Problem to solve:
Print every entry below again exactly as written, skipping the pictures.
━━━━━━━━━━━━━━━━━━━━
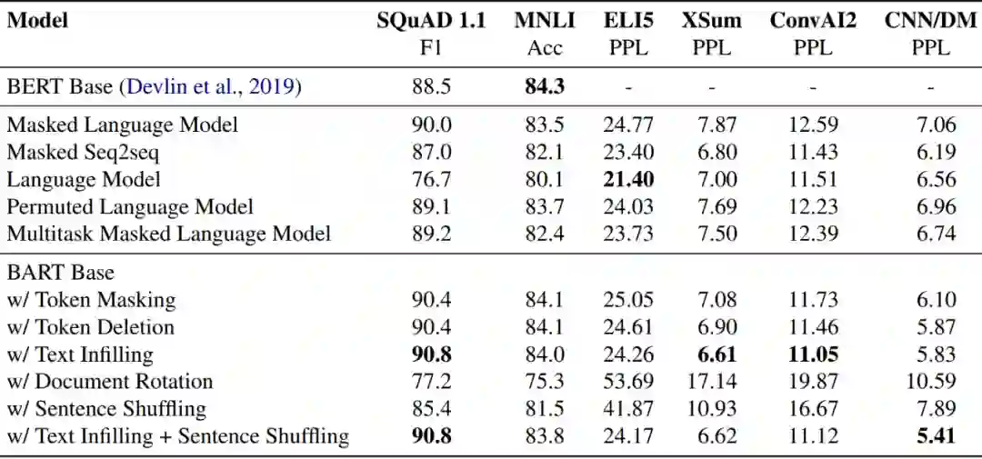 可以看出使用文本填充方案(Text Infilling)的BART战绩斐然。从中可以得出以下结论:
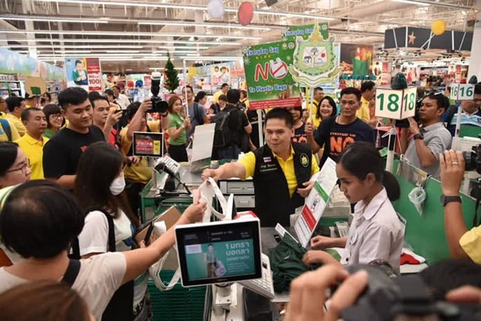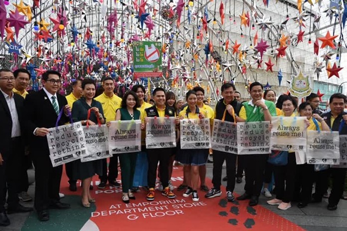 The Natural Resources and Environment Minister, VarawutSilpa-archa, and a team of officials visited four major malls in Bangkok, including Tesco Lotus in On Nut, EmQuartier, Central Chidlom and Siam Paragon, to seek public feedback on the “Everyday Say No to Plastic Bags” campaign. More than 90 giant retailers, department stores and supermarkets, earlier reached an agreement with the ministry to stop handing out all types of single-use plastic bags to their customers.
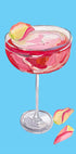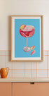 Dit levendige kunstwerk toont een gestileerde cocktail in een glas, versierd met roze en gele bloemblaadjes, tegen een helderblauwe achtergrond. De vloeiende penseelstreken van het schilderij creëren een moderne en energieke expressie, perfect voor thema's die verband houden met drankjes of hedendaagse kunst.
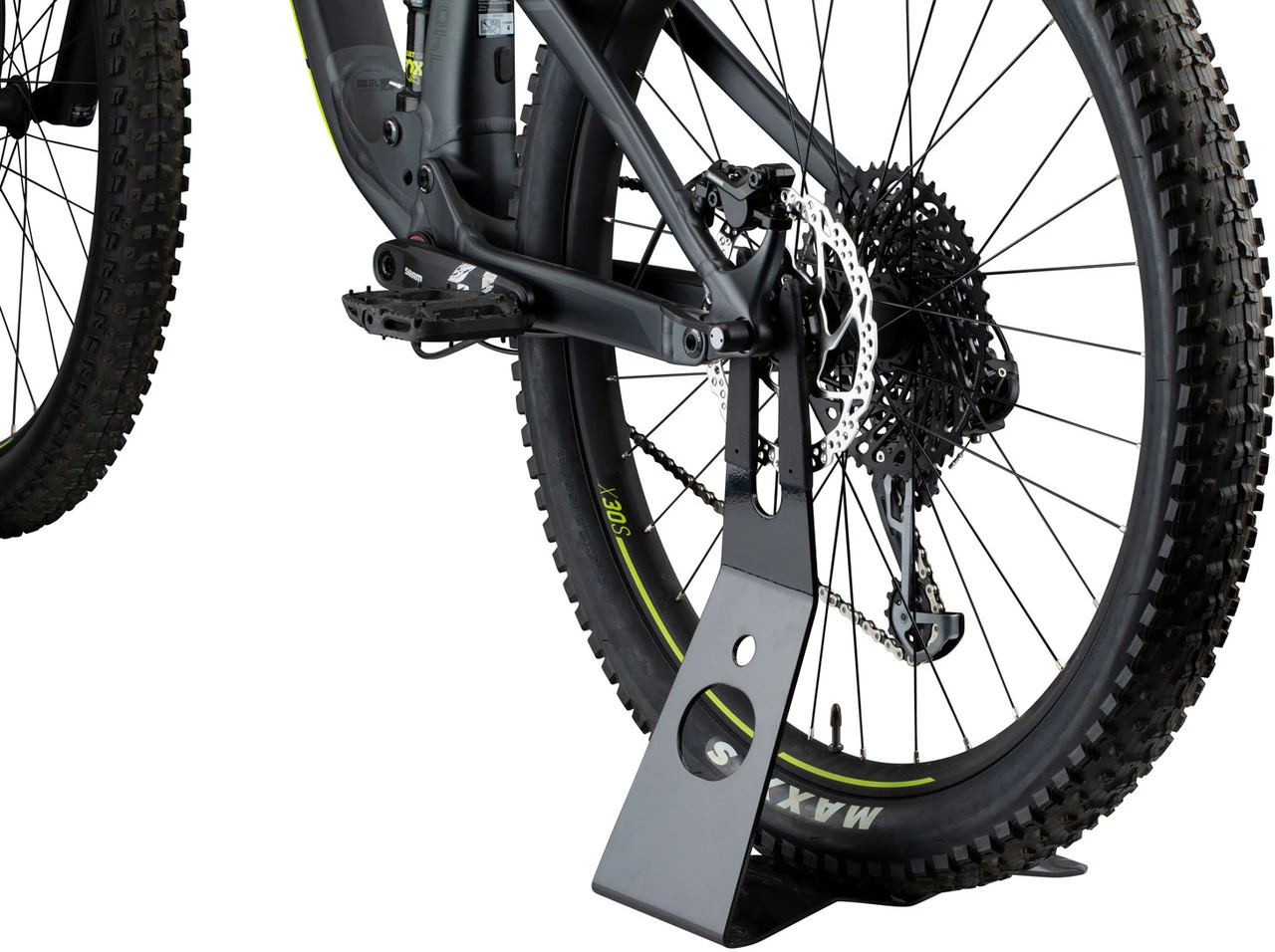 Datos técnicos:Diámetros de ruedas compatibles:29″ , 27,5″ y 28″Compatibilidad:La distancia entre la fijación del disco de freno (anillo de bloqueo o pernos) y el interior de la puntera debe ser de al menos 9 mmLa distancia horizontal a la pinza de frenos u otras partes que apunten hacia la rueda debe ser superior a 29 mmEl diámetro exterior del buje en la zona puede ser de 25 mm como máximoCaracterísticas:construcción estable y robustaVolumen de envío:1 x Caballete trasero 3min19sec
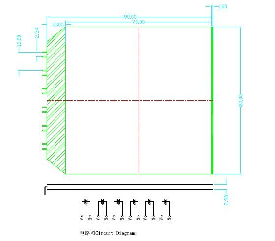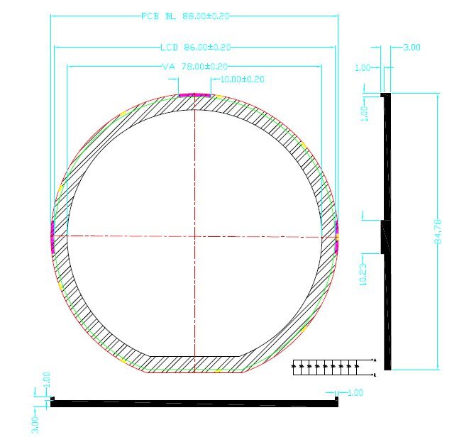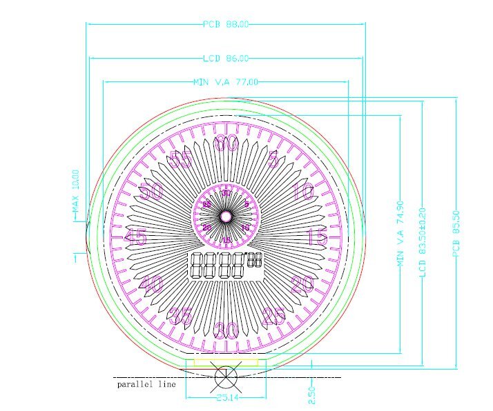 How can we make it so small? First, we confirm the view area 77*77 mm. Second, expand it 1.5 mm which is the minimum distance between the edge of LCD screen and view area. Third, expand it by 2.0 mm which is the distance between upper ITO glass and lower ITO glass. I marked the upper and lower ITO glasses with green lines.Fourth, expand it 1.0 mm which is the width and height of walls. Fifth, if I didn’t make a mistake, the LCD screen, LED backlight and PCB should be all round. As we know, LED backlight and PCB can be round, but not LCD screen. If LCD screen is round, what kind of connection should be used? Metal pin, zebra or conductive rubber strip can’t be installed in the round edge. Find the middle point at the bottom of LCD screen, draw a parallel line and move it up 2.5 mm, and we cut it along with the line, that is the edge of PCB. Move it up 1.0 mm and 2.0 mm, that is the edge of LCD screen. Move it up to 1.5 mm, that is the view area.
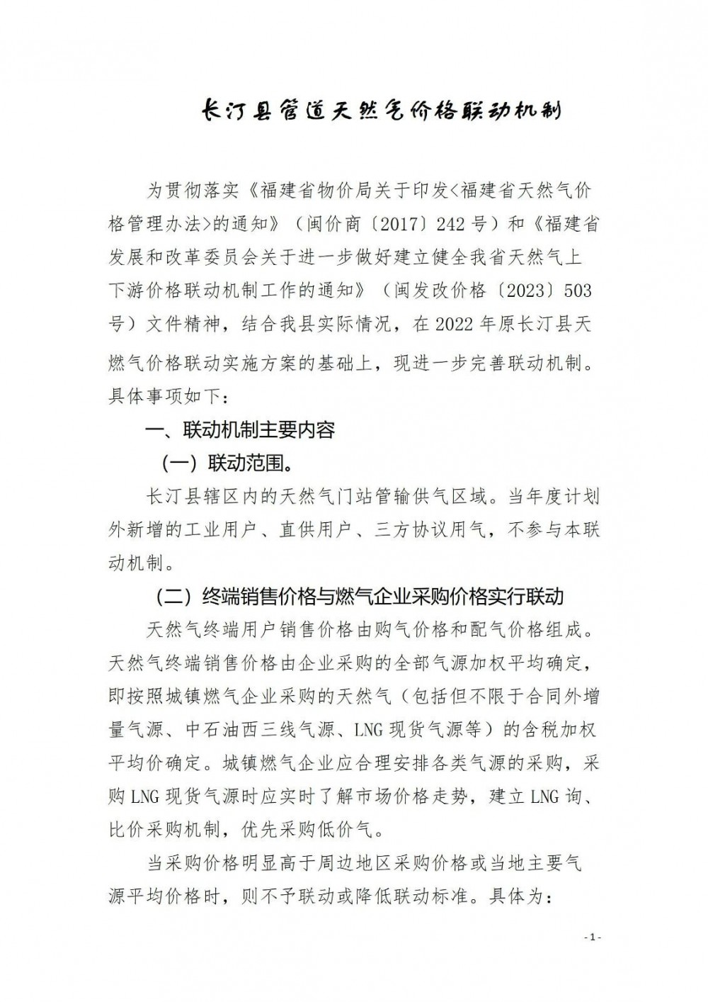 根据《福建省发展和改革委员会关于进一步做好建立健全我省天然气上下游价格联动机制工作的通知》(闽发改价格〔2023〕503号)文件精神,结合我县实际,现制定并印发长汀县管道天然气价格联动机制,请遵照执行。
━━━━━━━━━━━━━━━━━━━━
The answer:
 可以看出使用文本填充方案(Text Infilling)的BART战绩斐然。从中可以得出以下结论:
 The Natural Resources and Environment Minister, VarawutSilpa-archa, and a team of officials visited four major malls in Bangkok, including Tesco Lotus in On Nut, EmQuartier, Central Chidlom and Siam Paragon, to seek public feedback on the “Everyday Say No to Plastic Bags” campaign. More than 90 giant retailers, department stores and supermarkets, earlier reached an agreement with the ministry to stop handing out all types of single-use plastic bags to their customers.
 Dit levendige kunstwerk toont een gestileerde cocktail in een glas, versierd met roze en gele bloemblaadjes, tegen een helderblauwe achtergrond. De vloeiende penseelstreken van het schilderij creëren een moderne en energieke expressie, perfect voor thema's die verband houden met drankjes of hedendaagse kunst.
 Datos técnicos:Diámetros de ruedas compatibles:29″ , 27,5″ y 28″Compatibilidad:La distancia entre la fijación del disco de freno (anillo de bloqueo o pernos) y el interior de la puntera debe ser de al menos 9 mmLa distancia horizontal a la pinza de frenos u otras partes que apunten hacia la rueda debe ser superior a 29 mmEl diámetro exterior del buje en la zona puede ser de 25 mm como máximoCaracterísticas:construcción estable y robustaVolumen de envío:1 x Caballete trasero 3min19sec
 How can we make it so small? First, we confirm the view area 77*77 mm. Second, expand it 1.5 mm which is the minimum distance between the edge of LCD screen and view area. Third, expand it by 2.0 mm which is the distance between upper ITO glass and lower ITO glass. I marked the upper and lower ITO glasses with green lines.Fourth, expand it 1.0 mm which is the width and height of walls. Fifth, if I didn’t make a mistake, the LCD screen, LED backlight and PCB should be all round. As we know, LED backlight and PCB can be round, but not LCD screen. If LCD screen is round, what kind of connection should be used? Metal pin, zebra or conductive rubber strip can’t be installed in the round edge. Find the middle point at the bottom of LCD screen, draw a parallel line and move it up 2.5 mm, and we cut it along with the line, that is the edge of PCB. Move it up 1.0 mm and 2.0 mm, that is the edge of LCD screen. Move it up to 1.5 mm, that is the view area.
 根据《福建省发展和改革委员会关于进一步做好建立健全我省天然气上下游价格联动机制工作的通知》(闽发改价格〔2023〕503号)文件精神,结合我县实际,现制定并印发长汀县管道天然气价格联动机制,请遵照执行。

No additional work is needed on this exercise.